Commentary: Why jobs in special economic zones won't solve the problems facing the world's refugees

Author: Heaven Crawley, The Conversation (UK)

...two Oxford professors, Alexander Betts and Paul Collier, are calling on politicians to harness "the remarkable opportunities of globalisation" to reorient the refugee system away from humanitarian assistance and towards development...One of the "big ideas"... is that global capitalism can ride to the rescue of the refugee system through the creation of jobs for refugees within special economic zones (SEZs) in countries such as Jordan...the increased interest shown by the EU and international organisations such as the World Bank is certainly new and clearly reflects more recent political and economic developments – particularly in the EU and Jordan...

Evidence from SEZs in Asia shows how labour rights have been compromised, resulting in extremely low wages, forced overtime and different forms of abuse.
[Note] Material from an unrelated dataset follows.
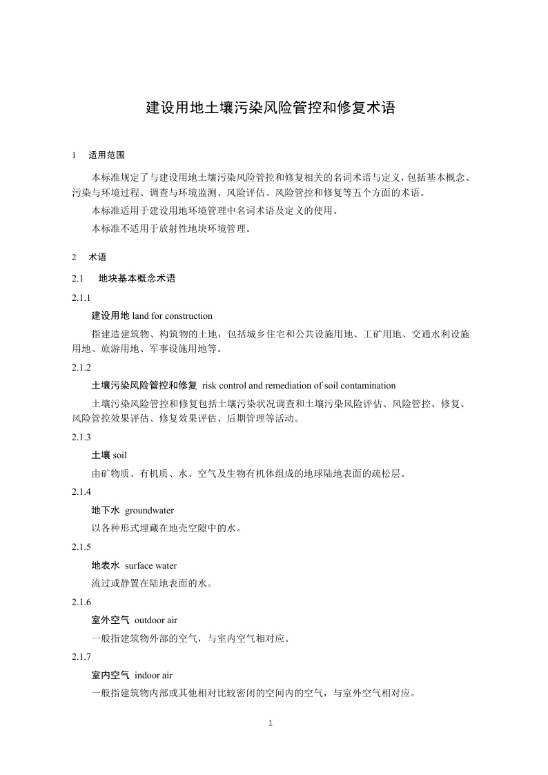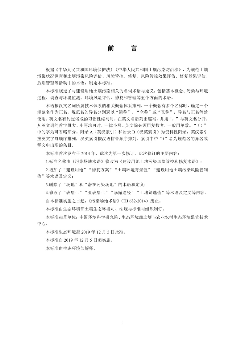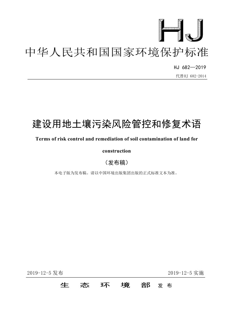 《建设用地土壤污染风险管控和修复术语》(HJ 682—2019)

So much so that in India they have been dubbed "special exploitation zones"...the Jordan Compact has so far benefited a small proportion of refugees despite huge political and financial effort.The reasons are complex...they reflect a failure on the part of governments and international organisations to engage with the complex realities of the Jordanian labour market – which is already highly dependent on migrant labour – and the needs and aspirations of refugees themselves. Within SEZs, the jobs on offer are typically low- or semi-skilled with long and repetitive hours. Those who have tried to hire Syrians in larger numbers, for example within the garment industry, have found that the take-up has been poor. Whereas other migrant workers are typically single, many Syrians struggle with childcare responsibilities and poor transport links from the places they are living to SEZs.

SEZs are a tool for creating livelihood opportunities for some refugees in some contexts. But addressing the profoundly political problems that underpin the drivers of forced migration and have come to mark the international community's response to it will require.. the kind of alliances and allegiances that challenge and confront some of the profound inequalities with which global capitalism has come to be associated.